**WORK ORDER:** Print, word for word, the opening line of the data below and every line after it through the line that contains "J.S&Cie terre de", but not the pictures.

**SUPPLIED ENTRIES:**
___

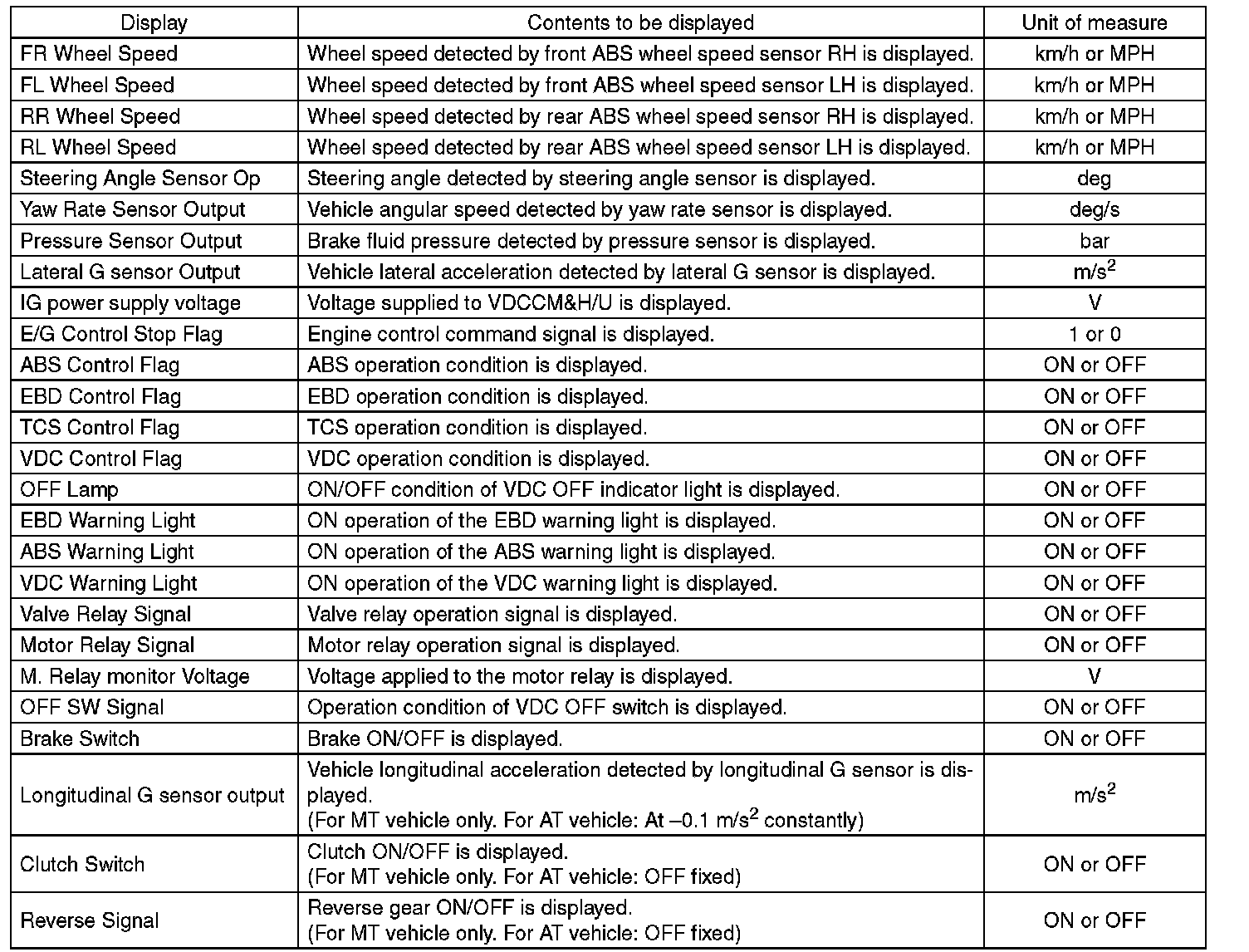 ^ When no data is registered, ABS/EBD/VDC warning light illuminates and the DTC "Parameter selection error" is detected.
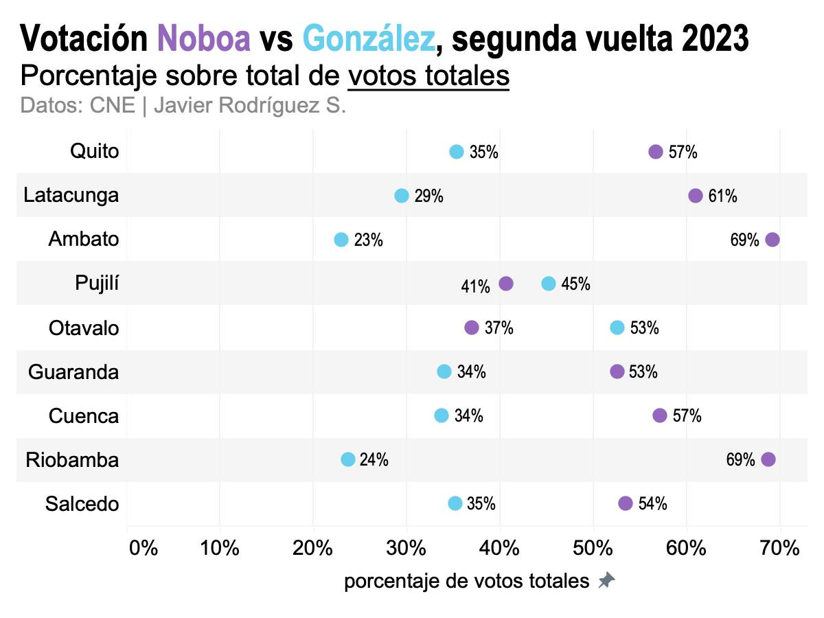Para hablar de las ciudades más grandes, Quito y Guayaquil, juntas, representan más del 30% de los votos del Ecuador. En Quito, en la segunda vuelta de 2023, Noboa recibió 62%. El domingo acaba de recibir 50%. En Guayaquil recibió 54% en 2023 y acaba de recibir 47% en 2025.
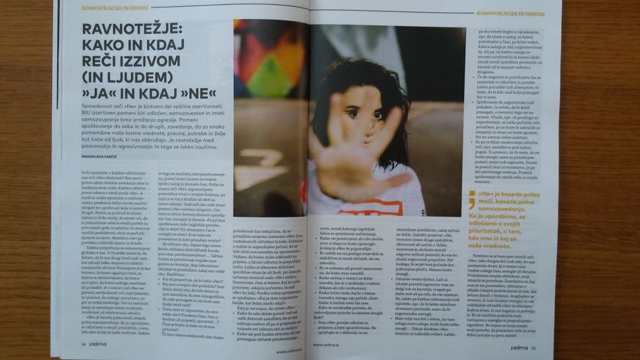 Sposobnost reči »Ne« je bistveni del veščine asertivnosti. Biti asertiven pomeni biti odločen, samozavesten in imeti samozaupanje brez izražanja agresije. Pomeni spoštovanje do sebe in do drugih, zavedanje, da so enako pomembne naše lastne vrednote, pravice, potrebe in želje kot tiste od ljudi, ki nas obkrožajo. Je ravnotežje med pasivnostjo in agresivnostjo. In tega se lahko naučimo.
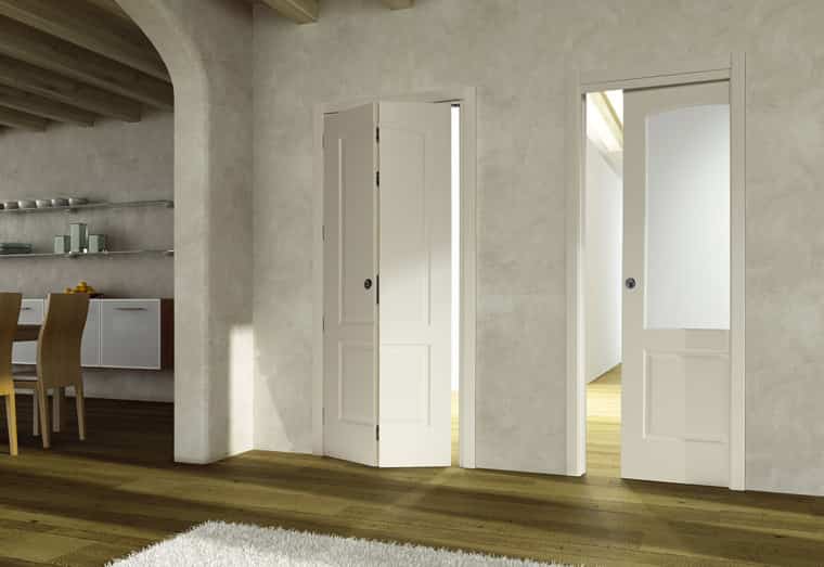 - книжки. К данной категории относятся межкомнатные двери, складывающиеся пополам, и асимметричные полотна, один сегмент которых вдвое шире другого. Продукция такого типа успешно заменяет обычные цельные конструкции в проёмах любых помещений. Она обладает неплохими изолирующими свойствами, надёжна, вынослива;
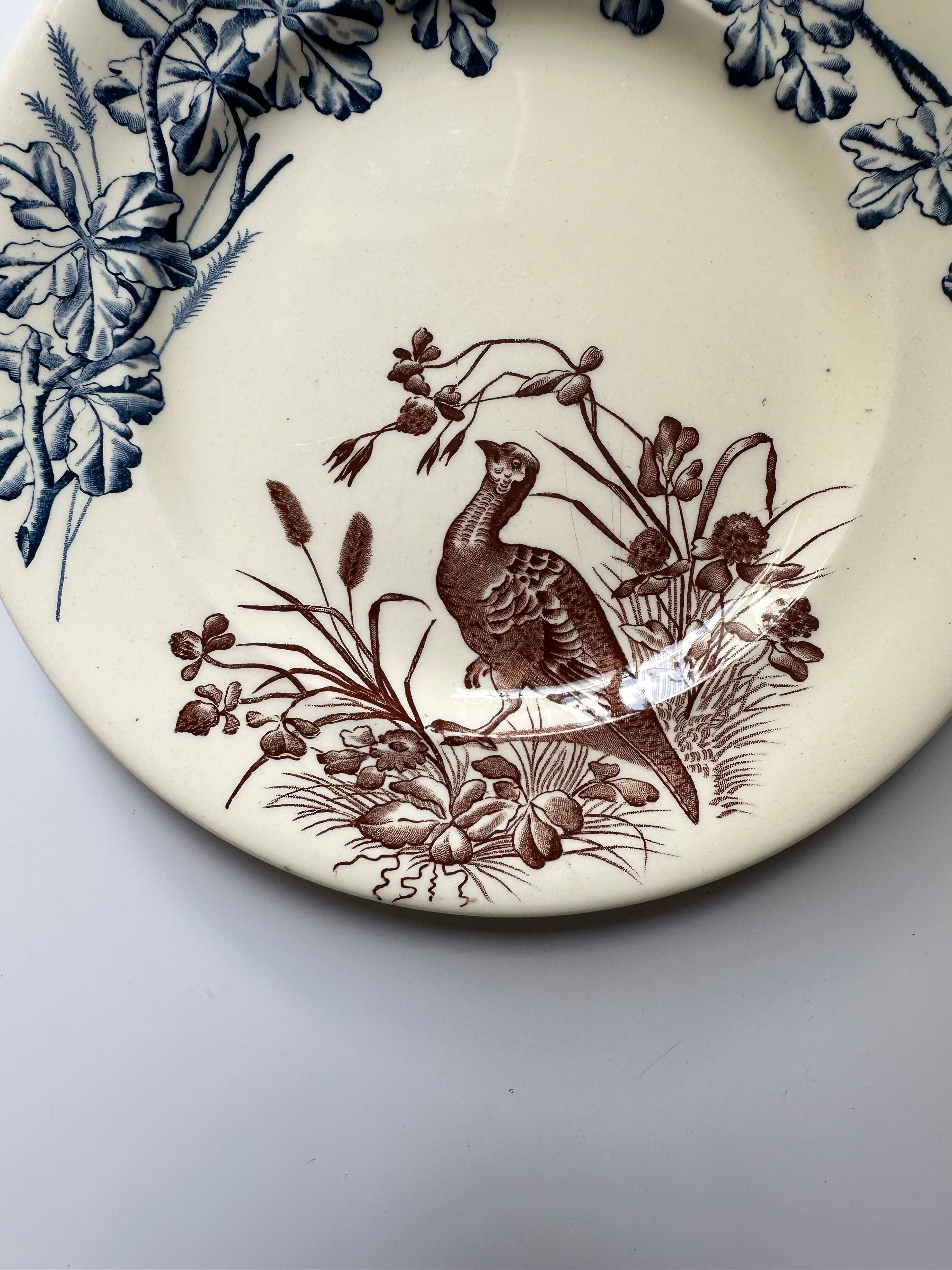 J.S&Cie terre de fer クレールフォンテーヌ 狩りをする雉 フランス アンティーク プレート 皿
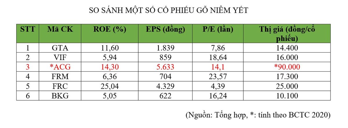 Phó tổng giám đốc công ty chứng khoán có trụ sở quận Hai Bà Trưng (Hà Nội) cho hay, phương pháp tính giá chỉ mang tính chất tham khảo, phụ thuộc vào tờ trình đề nghị mức giá từ doanh nghiệp đăng ký giao dịch hoặc từ đơn vị tư vấn cho doanh nghiệp đó. Tuy nhiên, mức 90.000 đồng/cổ phiếu của ACG được chấp thuận khá chênh lệch so với một số doanh nghiệp cùng ngành khác cũng chuyên về gỗ nội thất và xuất khẩu.
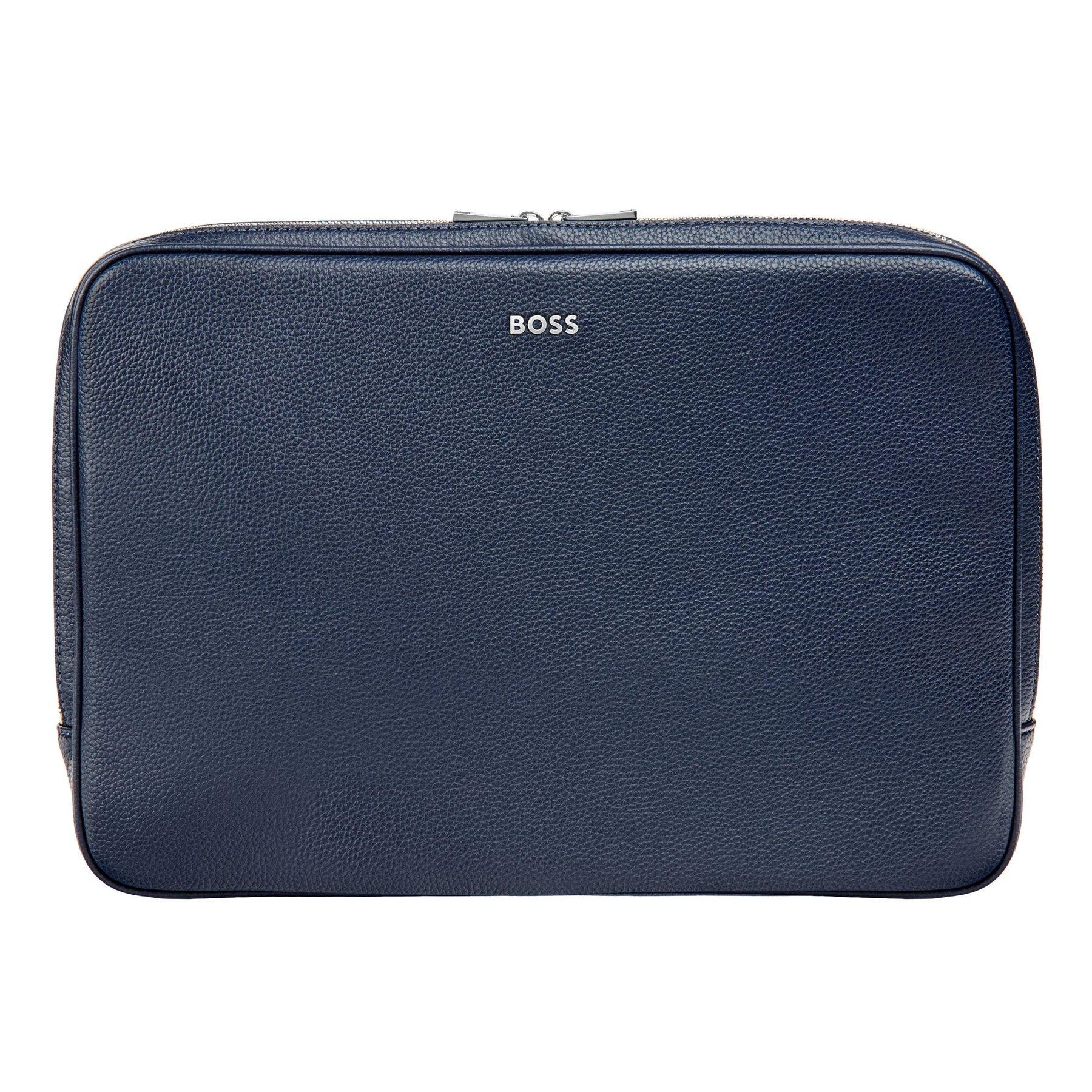 Компютърният калъф Grained Classic е изработен от висококачествен материал с нежна текстура, наподобяваща естествена кожа, и е завършен с елегантна хромирана плочка с логото BOSS и стилни хромирани ципове. Вътрешността е подплатена с монохромен монограм, който подчертава премиум усещането. Благодарение на функционалната си вътрешна организация, моделът предлага достатъчно място за документи, химикалки, телефон, кабели, карти и други ежедневни принадлежности.
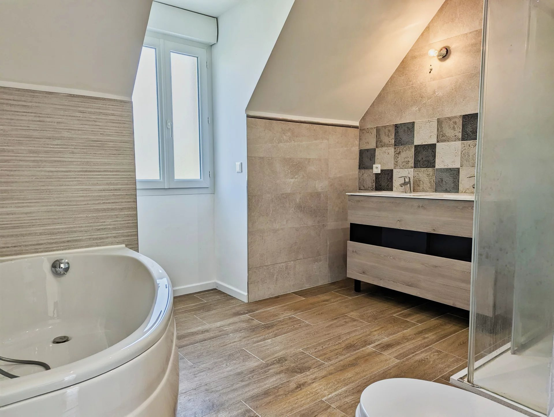 - à l'étage, un palier (espace bureau) dessert une suite parentale (chambre/dressing/salle de bains et douche/toilettes), deux chambres avec placards, une seconde salle de bains avec toilettes.
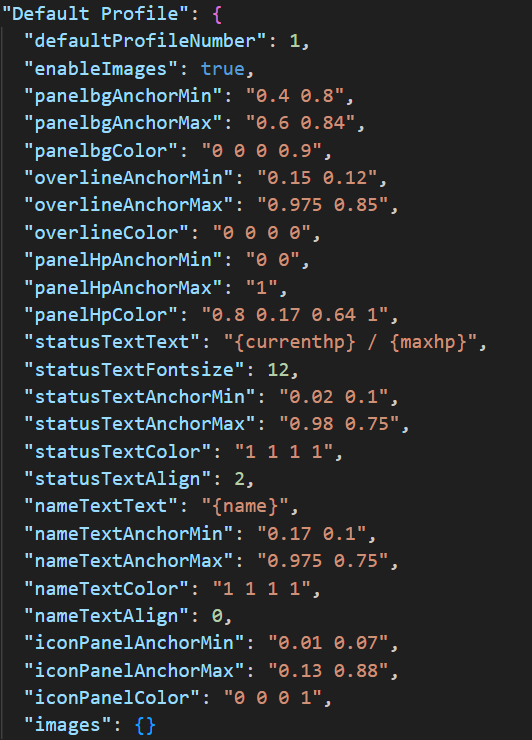 Hi , file is has been updated , in second line of config called "Use default profile as first choice for new players unless they change it later" , change this to true and You can put Your old backup number and values , save and reload and everybody will use Your old backup version as first one , until they change it themselves. I will put You image here also as an example. "defaultProfileNumber" is something You don't need to take care of at all in this case. In other case that You want to use different chat command name to open the menu , It would be unnecessarily complicated to do it through UI or config so easiest to do for You is just to rewrite it in the code itself. Open NPCHealthBar.cs , the main plugin file and in the line 1073 , look for this [ChatCommand("npcbar")] and just rewrite what is in " " for whatever You would like for example [ChatCommand("exapmle")] which will act like this /example in game. You can use CTRL+F and put it in there to find it easier. Hope this helps , In any case let me know and I wish You nice rest of Your day.
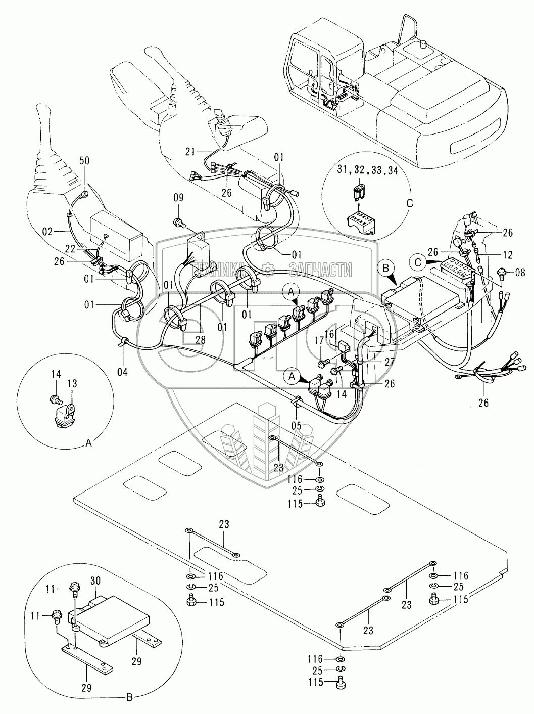 Каталог запасных частей к технике: Hitachi EX-300-2. ELECTRIC PARTS (2)(USA)
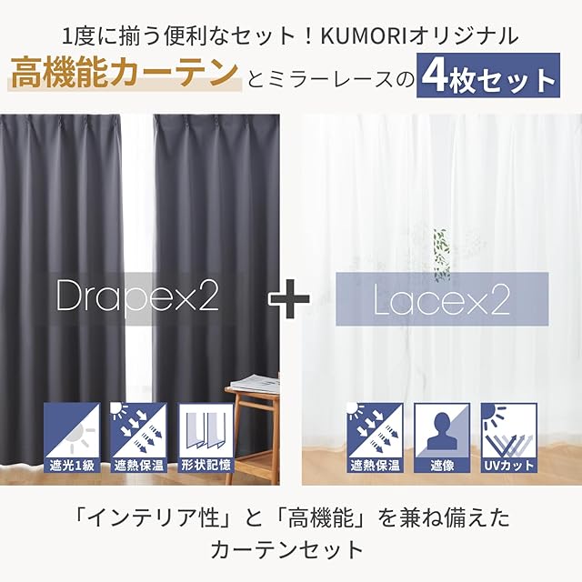クモリ(Kumori) カーテン 4枚セット 遮光度99.99% 1級 遮光カーテン しっかり厚手 断熱 遮熱 防寒 防音 形状記憶加工 UVカット 遮像 節電効果 省エネ 洗濯可能 無地 寝室 リビング アジャスター フック付き(幅100cm×丈110cm・厚地2枚&レース2枚・ダークグレー)
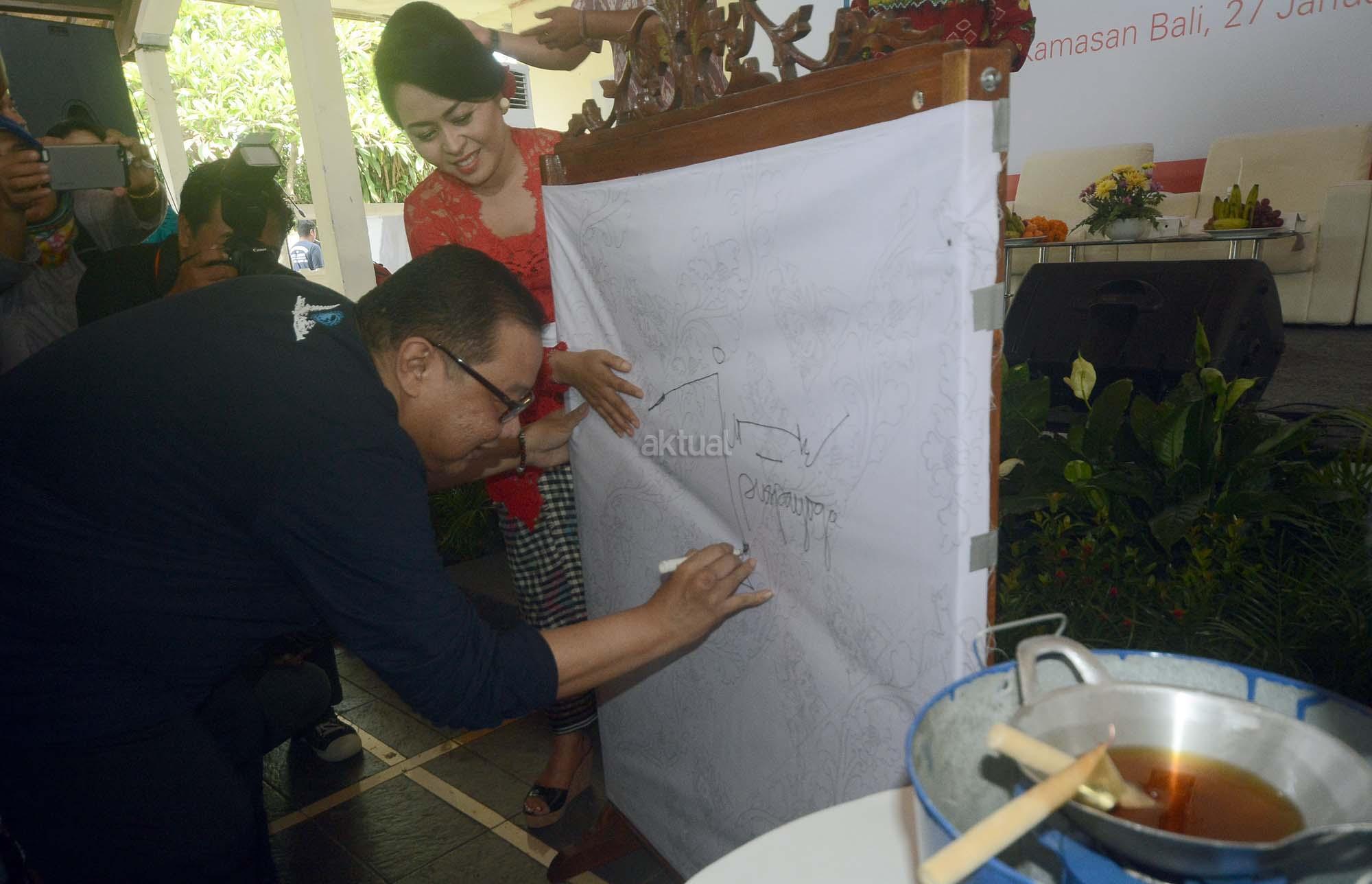 Menteri Koperasi dan Usaha Kecil Menengah Anak Agung Gede Ngurah Puspayoga melakukan goresan pertama di atas kain di Kampoeng BNI Kamasan, Bali, Sabtu (27/1/2017). Program bertema Lompatan Budaya Wastra Kamasan ini dilakukan sebagai soft launching kesenian kain khas Kamasan yang diharapkan dapat menjadi cinderamata baru dari Bali. AKTUAL/Jojoners

___

**EXERCISE RESULT:**
 ^ When no data is registered, ABS/EBD/VDC warning light illuminates and the DTC "Parameter selection error" is detected.
Para hablar de las ciudades más grandes, Quito y Guayaquil, juntas, representan más del 30% de los votos del Ecuador. En Quito, en la segunda vuelta de 2023, Noboa recibió 62%. El domingo acaba de recibir 50%. En Guayaquil recibió 54% en 2023 y acaba de recibir 47% en 2025.
 Sposobnost reči »Ne« je bistveni del veščine asertivnosti. Biti asertiven pomeni biti odločen, samozavesten in imeti samozaupanje brez izražanja agresije. Pomeni spoštovanje do sebe in do drugih, zavedanje, da so enako pomembne naše lastne vrednote, pravice, potrebe in želje kot tiste od ljudi, ki nas obkrožajo. Je ravnotežje med pasivnostjo in agresivnostjo. In tega se lahko naučimo.
 - книжки. К данной категории относятся межкомнатные двери, складывающиеся пополам, и асимметричные полотна, один сегмент которых вдвое шире другого. Продукция такого типа успешно заменяет обычные цельные конструкции в проёмах любых помещений. Она обладает неплохими изолирующими свойствами, надёжна, вынослива;
 J.S&Cie terre de fer クレールフォンテーヌ 狩りをする雉 フランス アンティーク プレート 皿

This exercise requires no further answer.